Una recente analisi dell’European Journalist Network, che ha confrontato i dati sull’eccesso della mortalità nelle province e nelle regioni di molti paesi europei, ha descritto un fenomeno che già conosciamo. Ci sono zone in cui nella prima ondata il coronavirus è arrivato soltanto marginalmente, e in cui il vero impatto della pandemia si è sentito soltanto in autunno. È un po’ quello che è successo in Italia con il Sud, che aveva superato la primavera con un numero relativamente basso di morti e malati, essendo entrato in lockdown quasi contemporaneamente al Nord Italia, dove circolava il virus. È successo qualcosa di simile anche per il Sud della Francia, e per tutto l’Est Europa.

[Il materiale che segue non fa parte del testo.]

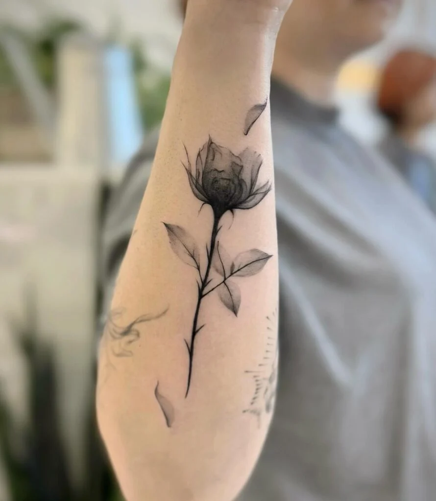 This tattoo showcases a beautifully shaded rose inked in black and grey on the forearm. The petals are softly blended, giving the flower a delicate, almost ethereal look, while the stem and leaves add balance to the design.

Per quanto riguarda i test, i paesi europei che ne stanno facendo di più sono il Lussemburgo e la Danimarca, mentre l’Italia ne sta facendo più di Spagna e Germania, anche se meno del Regno Unito, e più o meno come la Francia.

I dati sui ricoveri ospedalieri nei reparti di terapia intensiva sono più disomogenei a livello europeo, ma salta all’occhio soprattutto la Germania, che ha più pazienti in rianimazione rapportati alla popolazione dell’Italia, che a sua volta ne ha circa la metà della Slovenia.